He waited, watching the busyness of the chambers and a wave of despair come over him. He was certain he’d blown it. The idea that he stood a chance of being employed here was off-the-wall crazy. His mum’s words echoed in his head. ‘You don’t get to wear a suit to work, not with one GCSE.’

  ‘Aiden.’ Morton Black stuck his head out of Mr Groat’s office. ‘Would you come back in?’

  AJ had so successfully persuaded himself that he was unemployable that for a moment he couldn’t work out what Mr Groat was saying.

  ‘We would like to offer you a three-month trial period as a baby clerk,’ he said.

  ‘It’s a glorified way of saying you will be an office boy,’ said Morton. ‘Your job will be to assist Stephen, the first clerk, and myself, maintaining the stock of stationery and chambers’ brochures, updating the chambers’ library, collecting and delivering documents.’

  ‘Will I be paid?’ asked AJ, hearing the red reptile breathing down his neck.

  ‘Most certainly,’ said Mr Groat. ‘Not much to begin with but if you prove yourself you will be put on a salary, and if you work hard, one day you might even become like Morton, a senior clerk, thinking he’ll retire at fifty-three.
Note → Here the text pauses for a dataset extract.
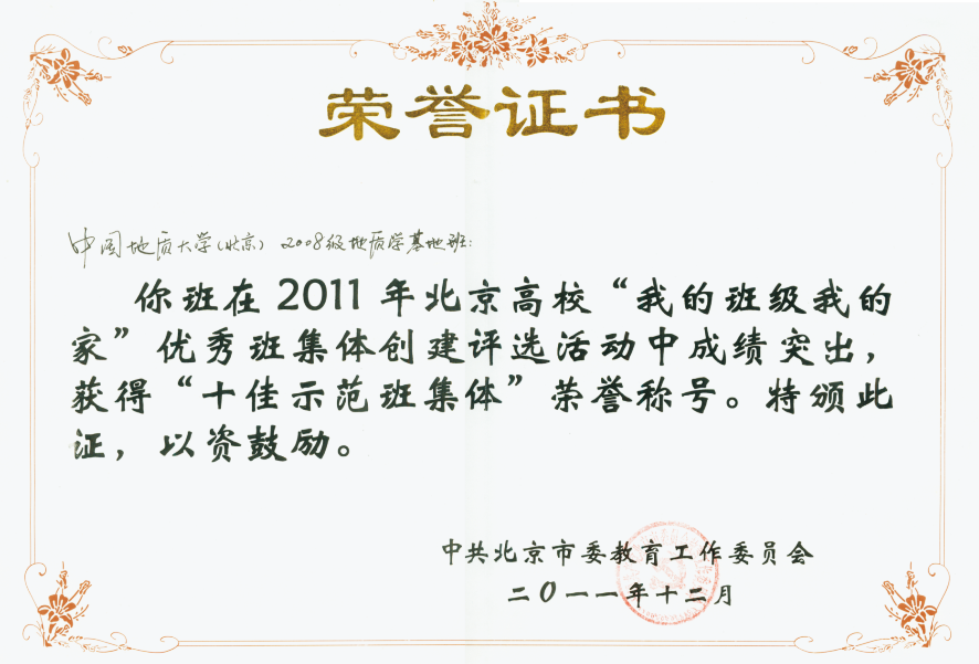 2011 北京市十佳示范班集体-10010810班 北京市级 北京市教工委

You will prove yourself, won’t you, Aiden?’

  There it was again. That incredible name. Could it really belong to him?

  ‘Yes, sir. I will do my best, my very best.’

  Had he heard them right? They were offering him a job, for real.

  ‘Good. Welcome to Baldwin Groat, Aiden.’

  The minute Morton and AJ were out of Mr Groat’s office, Morton turned to him, not in an unpleasant manner, but firm, as if he meant business.

  ‘You start on Monday and I want to see you suited and booted. No brothel creepers, no cowboy shirt.’

  AJ nodded.

  ‘Eight-thirty sharp, and I don’t tolerate lateness.’

  AJ stood on the pavement staring up at 4 Raymond Buildings, still unable to take in what had just happened. He wondered if by going through the door that led to Baldwin Groat’s chambers he had altered everything. He had gone in jobless, hopeless and nameless, and come out with a job, a glimmer of hope and a name he’d never heard before.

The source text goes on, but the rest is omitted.